The deep opposition between these contrasted sides of goodness is mirrored in the conflicting moral ideals of conservatism and radicalism, of socialism and individualism, which have never been absent from the societies of men, nor even, I believe, from those of animals. Conservatism insists on unity and order; radicalism on wealthy life, diversified powers, particular independence. Either, left to itself, would crush society, one by emptying it of initiative, the other by splitting it into a company of warring atoms. Ordinarily each is dimly aware of its need of an opponent, yet does not on that account denounce him the less, or less eagerly struggle to expel him from provinces asserted to be its own.
By temperament certain classes of the community are naturally disposed to become champions of the one or the other of these supplemental ideals. Artists, for the most part, incline to the ideal of abounding life, exult in each novel manifestation which it can be made to assume, and scoff at order as Philistinism.

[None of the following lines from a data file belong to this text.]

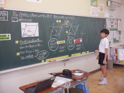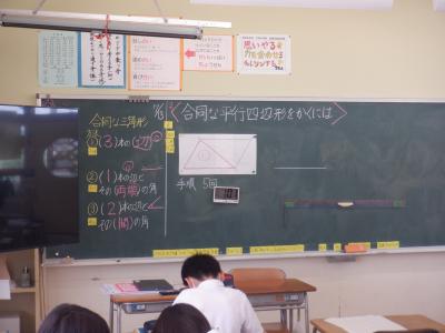 5年生の算数「合同な平行四辺形の書き方」の様子です。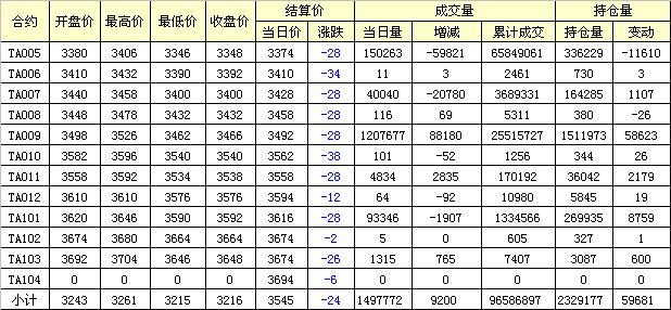 主力TA005合約當(dāng)日交易走勢(shì)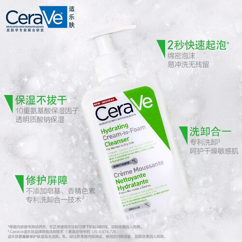 洁面能够2秒快速起泡,泡沫绵密细腻,舒爽洁净干性和敏感肌。10种氨基酸结合透明质酸钠,洗后令肌肤水润不拔干,干敏皮挚爱。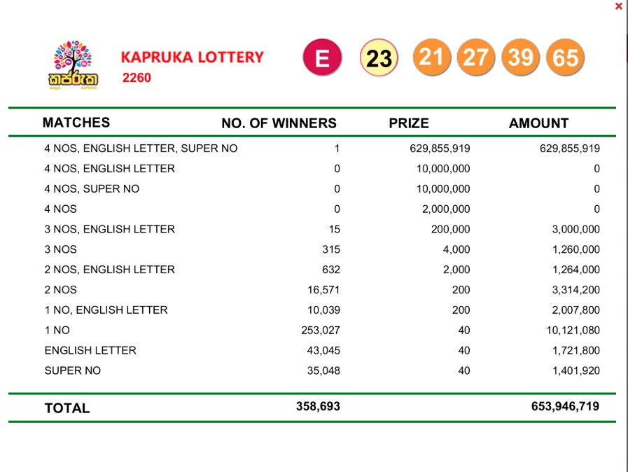 இந்த சீட்டிழுப்பில் 62 கோடியே 98 இலட்சத்து 55 ஆயிரத்து 919 ரூபாய் வெல்லப்பட்டுள்ளது.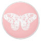 Digital sketch of a butterfly adapted from a vintage illustration - white on a soft shell pink / coral pink background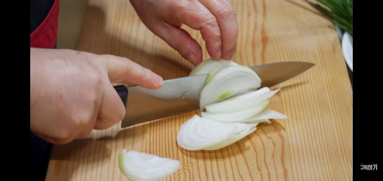 양파 반 개는 얇게 슬라이스하여 썰어주세요.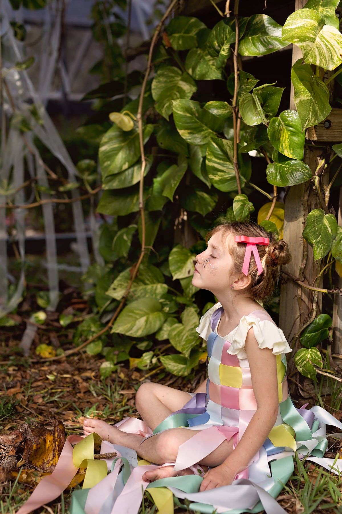 Scalloped edged grosgrain ribbon created a double looped bow with dangling ribbon. Each loop is made with three layers of ribbon. Comes on an alligator clip. Size is about 3.5".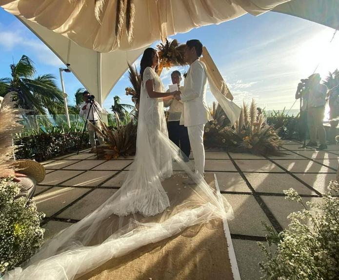 They held the wedding during sundown, beneath the golden tent they acquired. Aside from that, they filled the place with flowers, plants and frames with their astonishing pre-nuptial photos. HomeWorkZ Music announced the news on Instagram, posting a photo of the couple’s union.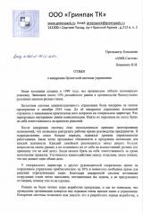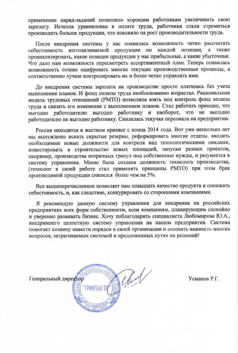Отзыв Генерального директора ООО «Гринпак ТК» Усманова Р. Г. о внедрении Целостной системы управления

Moralists, on the other hand, lay grievous stress on order, as if it had any value apart from its promotion of life. Assuming that sufficient exuberance will come, unfostered by morality, they shut it out from their charge, make duty to consist in checking instinct, and devote themselves to pruning the sprouting man. But this is absurdly to narrow ethics, whose true aim is to trace the laws involved in the construction of a good person. In such construction the supply of moral material, and the fostering of a wide diversity of vigorous powers, is as necessary as bringing these powers into proper working form. Richness of character is as important as correctness. The world's benefactors have often been one-sided and faulty men. None of us can be complete; and we had better not be much disturbed over the fact, but rather set ourselves to grow strong enough to carry off our defects.